= Beginning of Section =

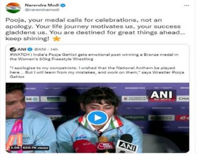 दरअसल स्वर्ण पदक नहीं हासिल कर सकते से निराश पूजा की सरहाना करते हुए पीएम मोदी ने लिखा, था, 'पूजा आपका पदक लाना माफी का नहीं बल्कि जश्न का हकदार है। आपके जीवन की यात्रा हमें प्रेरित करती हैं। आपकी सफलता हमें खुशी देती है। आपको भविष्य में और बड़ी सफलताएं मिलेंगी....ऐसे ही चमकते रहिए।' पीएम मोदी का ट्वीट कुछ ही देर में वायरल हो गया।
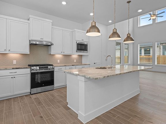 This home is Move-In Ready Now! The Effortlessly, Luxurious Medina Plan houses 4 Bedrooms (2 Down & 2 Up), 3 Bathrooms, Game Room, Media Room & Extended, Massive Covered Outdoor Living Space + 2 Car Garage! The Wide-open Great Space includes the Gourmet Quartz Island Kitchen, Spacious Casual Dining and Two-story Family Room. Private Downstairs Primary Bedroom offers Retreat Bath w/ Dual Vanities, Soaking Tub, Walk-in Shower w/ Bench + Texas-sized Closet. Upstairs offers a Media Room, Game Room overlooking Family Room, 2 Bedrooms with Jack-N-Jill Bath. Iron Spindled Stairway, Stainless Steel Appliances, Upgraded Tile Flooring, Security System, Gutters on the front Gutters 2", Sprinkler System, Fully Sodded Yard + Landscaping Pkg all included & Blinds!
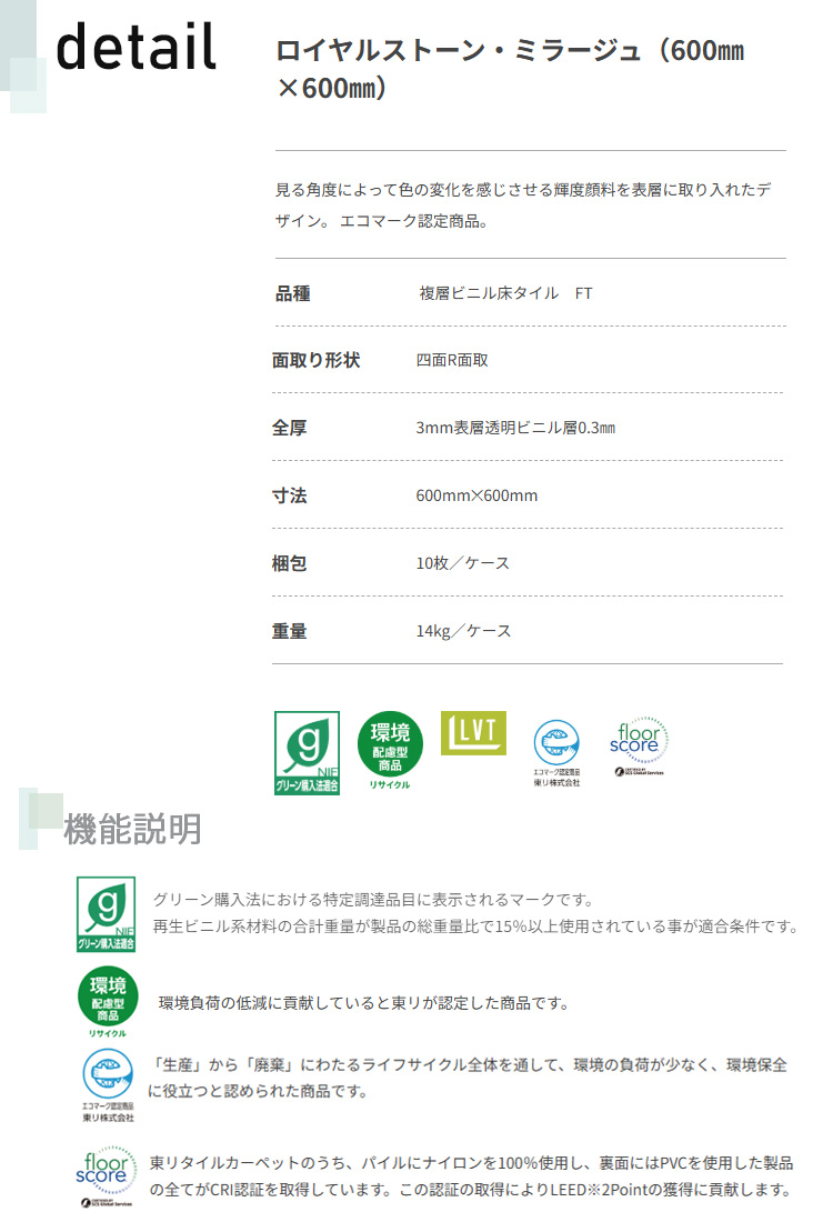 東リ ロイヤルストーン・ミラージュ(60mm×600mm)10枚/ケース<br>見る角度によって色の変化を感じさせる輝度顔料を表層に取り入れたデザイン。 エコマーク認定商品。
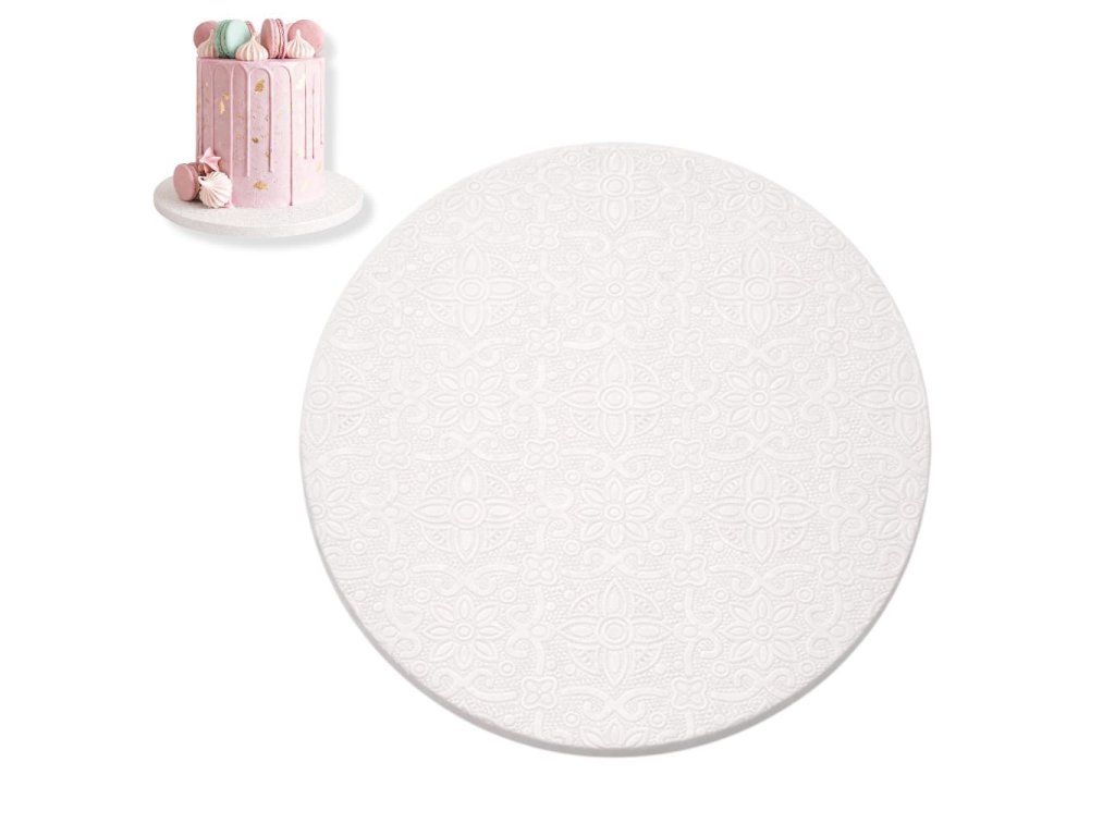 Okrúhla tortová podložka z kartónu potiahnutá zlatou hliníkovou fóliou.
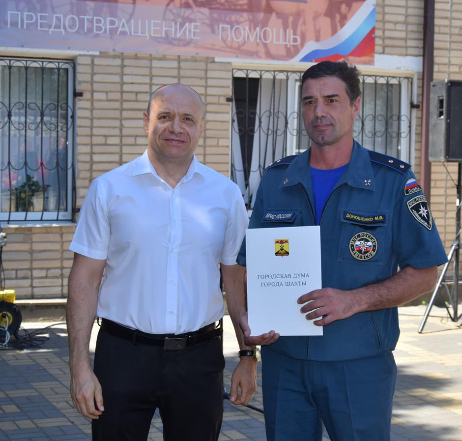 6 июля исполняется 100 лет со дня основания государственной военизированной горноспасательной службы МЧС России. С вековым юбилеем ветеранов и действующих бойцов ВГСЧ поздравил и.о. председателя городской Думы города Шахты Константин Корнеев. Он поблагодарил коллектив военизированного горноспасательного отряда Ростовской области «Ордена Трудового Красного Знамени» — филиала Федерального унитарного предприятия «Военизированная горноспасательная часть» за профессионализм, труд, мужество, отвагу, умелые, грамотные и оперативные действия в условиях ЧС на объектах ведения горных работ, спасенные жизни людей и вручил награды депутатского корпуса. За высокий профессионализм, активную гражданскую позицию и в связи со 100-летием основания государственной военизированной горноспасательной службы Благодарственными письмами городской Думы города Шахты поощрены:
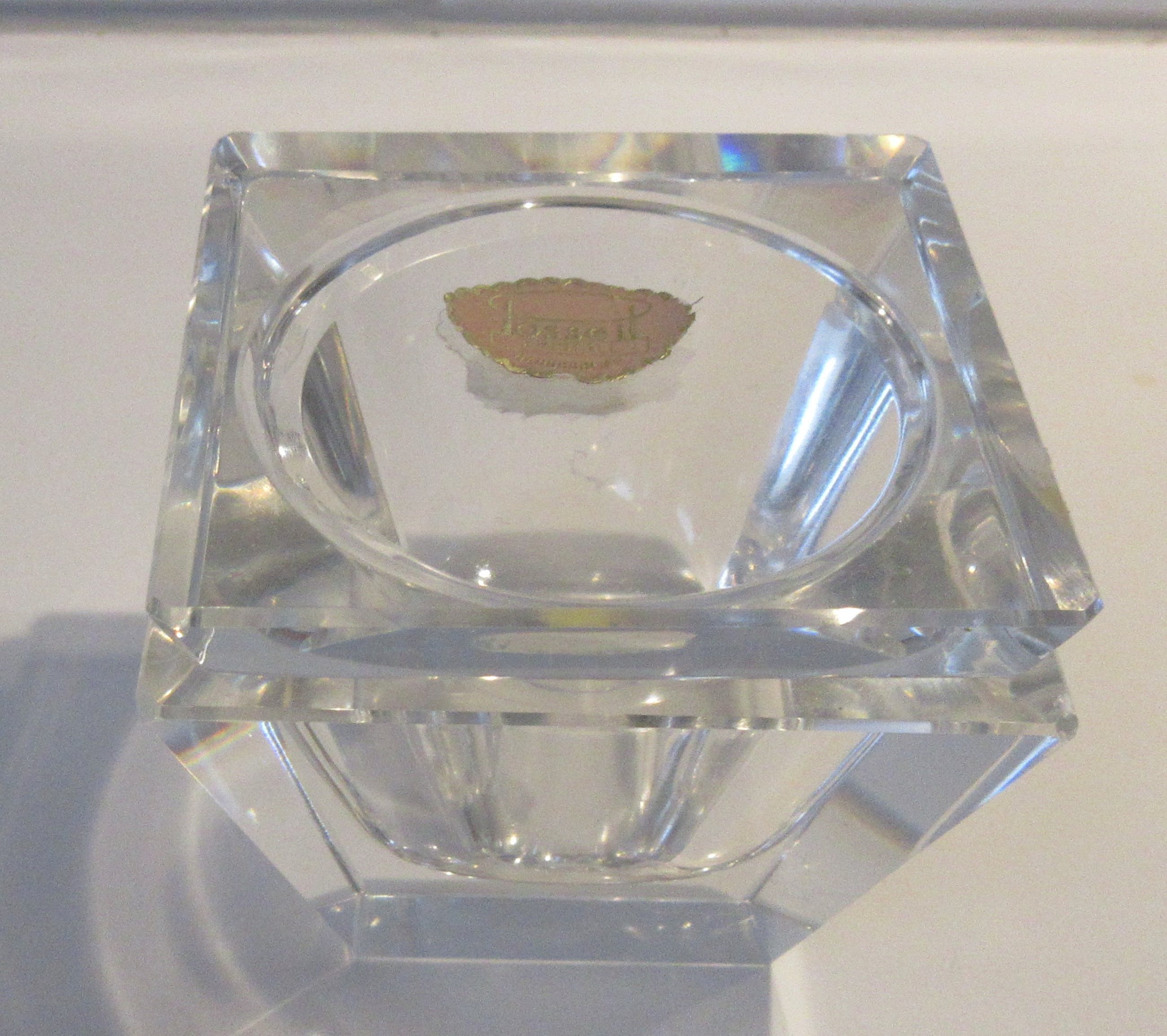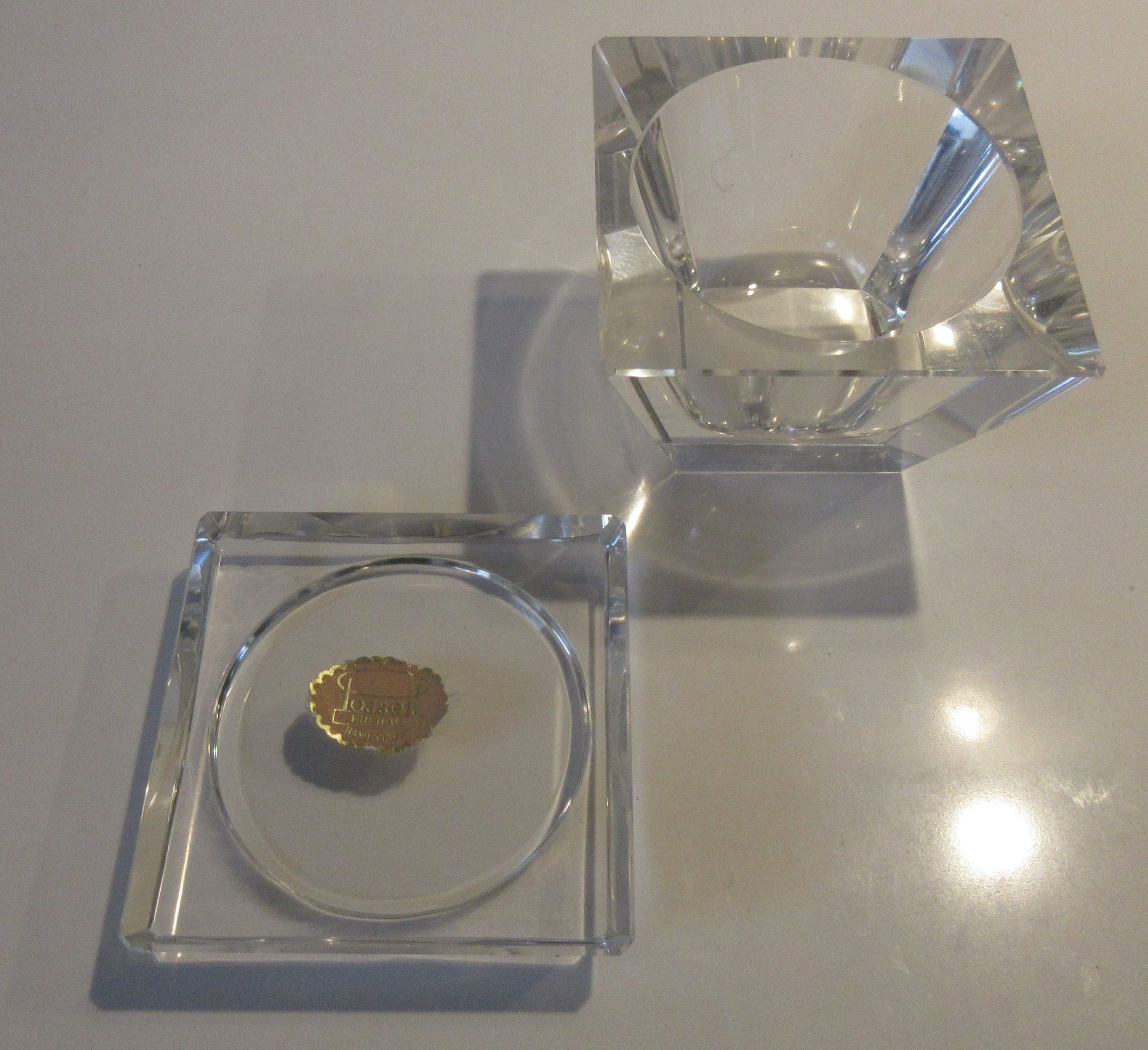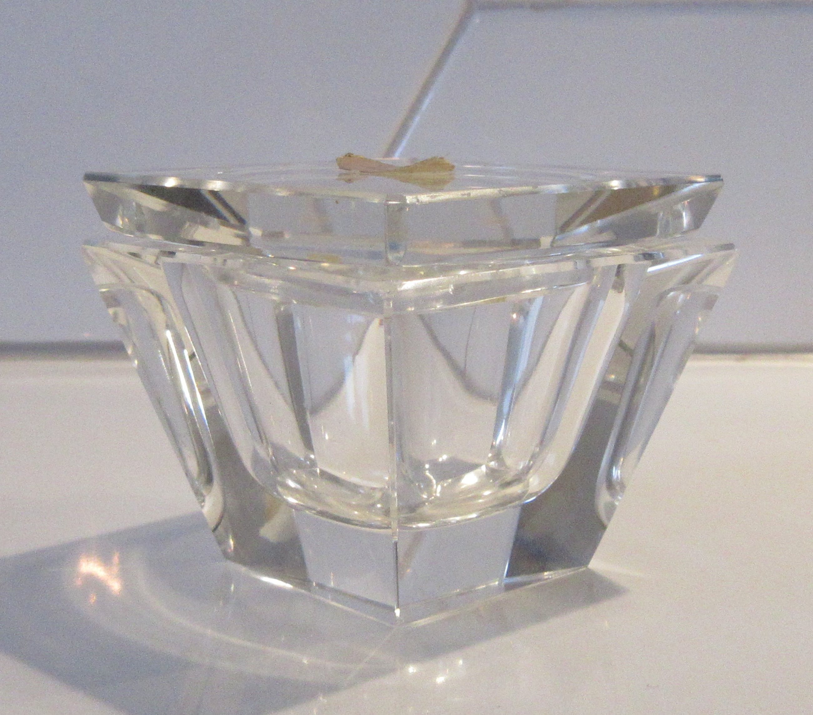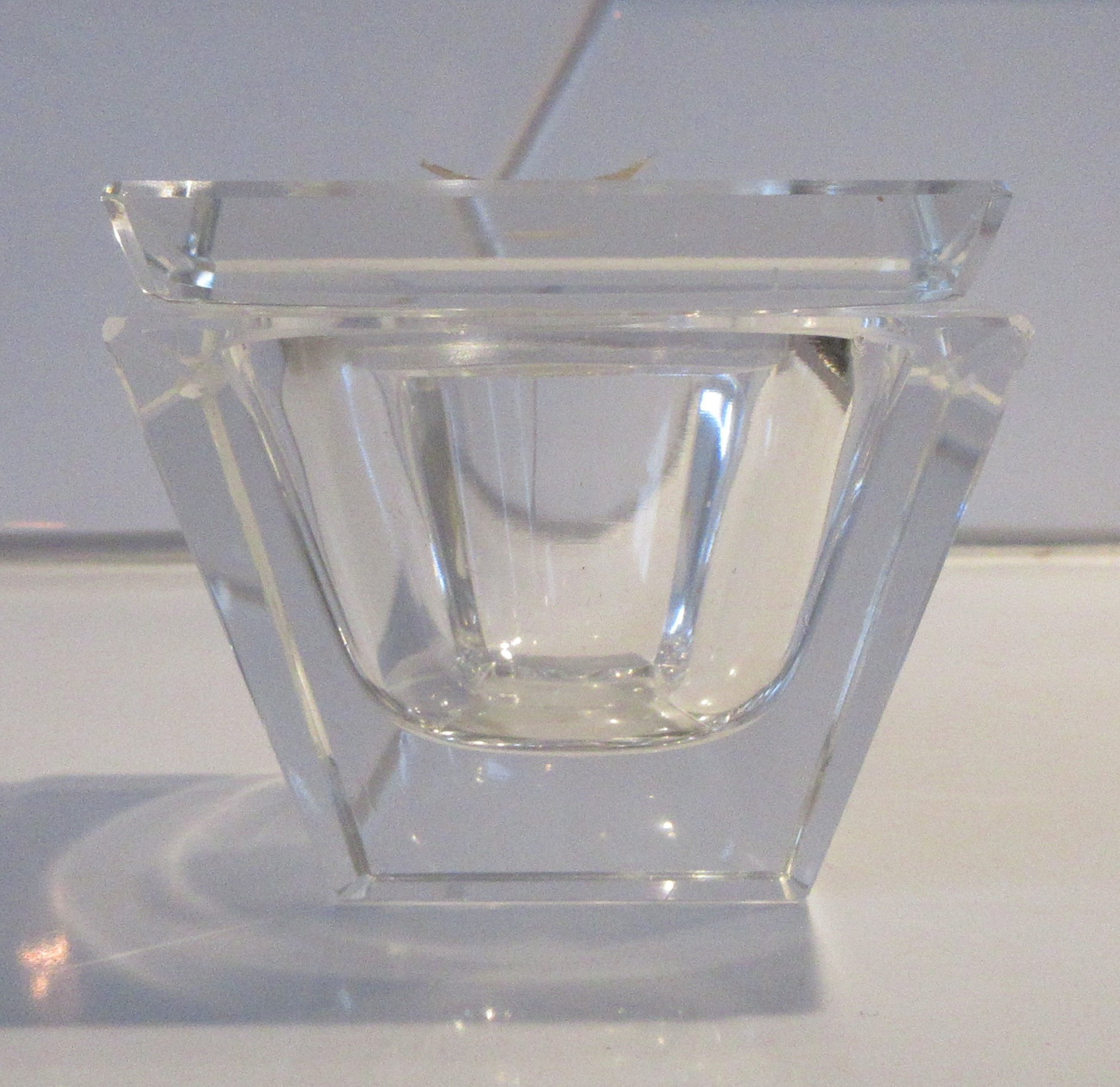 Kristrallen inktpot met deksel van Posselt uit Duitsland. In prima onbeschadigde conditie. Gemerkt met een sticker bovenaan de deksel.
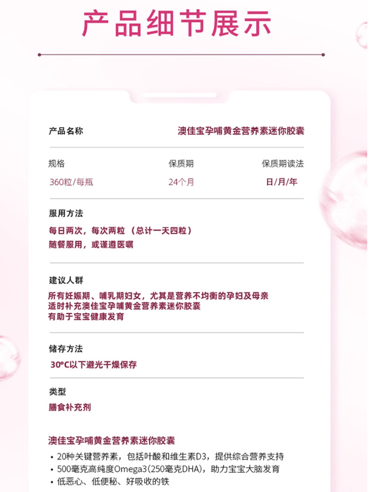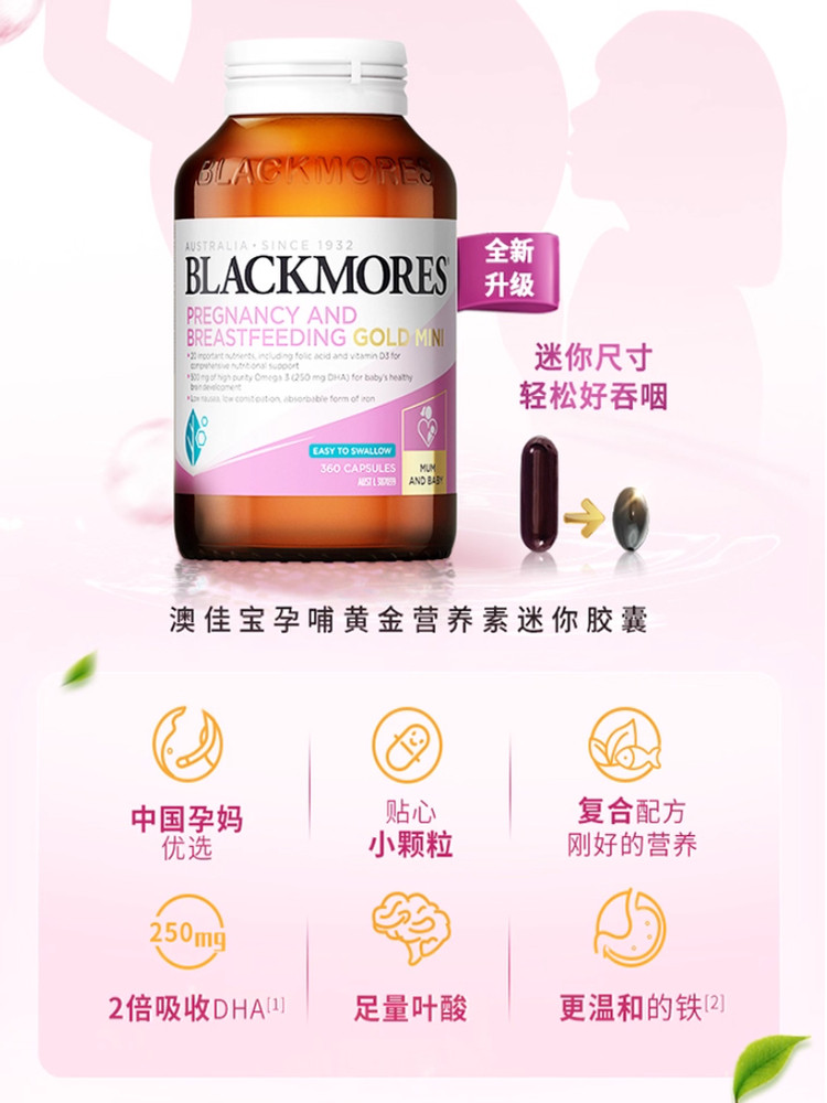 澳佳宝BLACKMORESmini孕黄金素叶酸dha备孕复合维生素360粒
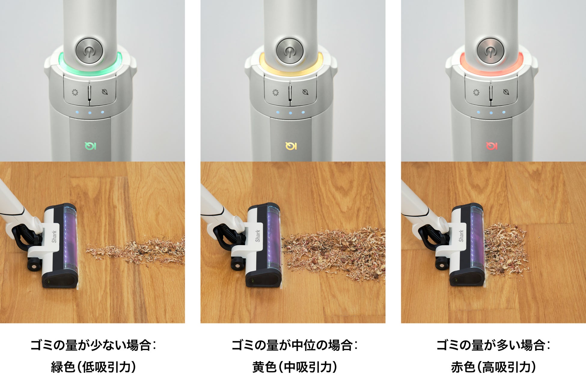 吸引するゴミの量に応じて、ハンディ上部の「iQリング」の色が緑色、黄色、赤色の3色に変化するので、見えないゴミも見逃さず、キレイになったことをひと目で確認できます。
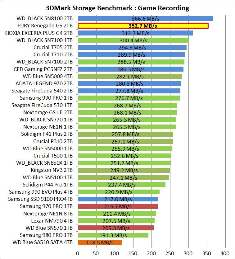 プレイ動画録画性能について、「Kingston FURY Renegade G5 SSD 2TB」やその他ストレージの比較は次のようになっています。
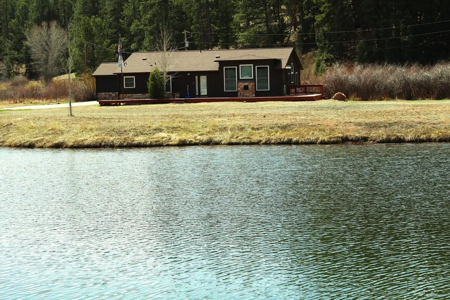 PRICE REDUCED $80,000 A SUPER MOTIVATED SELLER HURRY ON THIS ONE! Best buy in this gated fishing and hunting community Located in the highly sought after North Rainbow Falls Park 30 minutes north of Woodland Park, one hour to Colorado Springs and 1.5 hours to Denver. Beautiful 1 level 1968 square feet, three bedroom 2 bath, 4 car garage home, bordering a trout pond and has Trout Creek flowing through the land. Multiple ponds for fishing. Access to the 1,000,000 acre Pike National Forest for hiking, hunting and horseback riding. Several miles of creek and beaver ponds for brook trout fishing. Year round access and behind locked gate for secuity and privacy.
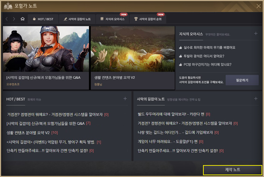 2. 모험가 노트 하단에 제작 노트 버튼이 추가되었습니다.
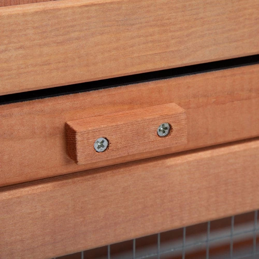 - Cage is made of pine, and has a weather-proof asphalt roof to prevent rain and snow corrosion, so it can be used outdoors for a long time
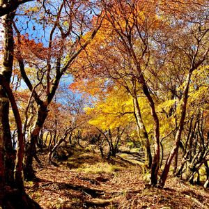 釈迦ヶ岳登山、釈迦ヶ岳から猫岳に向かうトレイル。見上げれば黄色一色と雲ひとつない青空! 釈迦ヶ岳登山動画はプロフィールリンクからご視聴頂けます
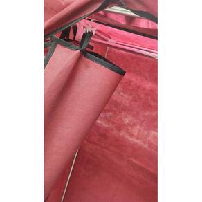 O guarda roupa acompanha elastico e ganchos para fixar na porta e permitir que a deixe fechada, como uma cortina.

= End of Section =

Starting with the first line of the data above and ending with the line containing "Okrúhla tortová podložka", please restate every line exactly, leaving images out.

--- Answer for this exercise ---
 दरअसल स्वर्ण पदक नहीं हासिल कर सकते से निराश पूजा की सरहाना करते हुए पीएम मोदी ने लिखा, था, 'पूजा आपका पदक लाना माफी का नहीं बल्कि जश्न का हकदार है। आपके जीवन की यात्रा हमें प्रेरित करती हैं। आपकी सफलता हमें खुशी देती है। आपको भविष्य में और बड़ी सफलताएं मिलेंगी....ऐसे ही चमकते रहिए।' पीएम मोदी का ट्वीट कुछ ही देर में वायरल हो गया।
 This home is Move-In Ready Now! The Effortlessly, Luxurious Medina Plan houses 4 Bedrooms (2 Down & 2 Up), 3 Bathrooms, Game Room, Media Room & Extended, Massive Covered Outdoor Living Space + 2 Car Garage! The Wide-open Great Space includes the Gourmet Quartz Island Kitchen, Spacious Casual Dining and Two-story Family Room. Private Downstairs Primary Bedroom offers Retreat Bath w/ Dual Vanities, Soaking Tub, Walk-in Shower w/ Bench + Texas-sized Closet. Upstairs offers a Media Room, Game Room overlooking Family Room, 2 Bedrooms with Jack-N-Jill Bath. Iron Spindled Stairway, Stainless Steel Appliances, Upgraded Tile Flooring, Security System, Gutters on the front Gutters 2", Sprinkler System, Fully Sodded Yard + Landscaping Pkg all included & Blinds!
 東リ ロイヤルストーン・ミラージュ(60mm×600mm)10枚/ケース<br>見る角度によって色の変化を感じさせる輝度顔料を表層に取り入れたデザイン。 エコマーク認定商品。
 Okrúhla tortová podložka z kartónu potiahnutá zlatou hliníkovou fóliou.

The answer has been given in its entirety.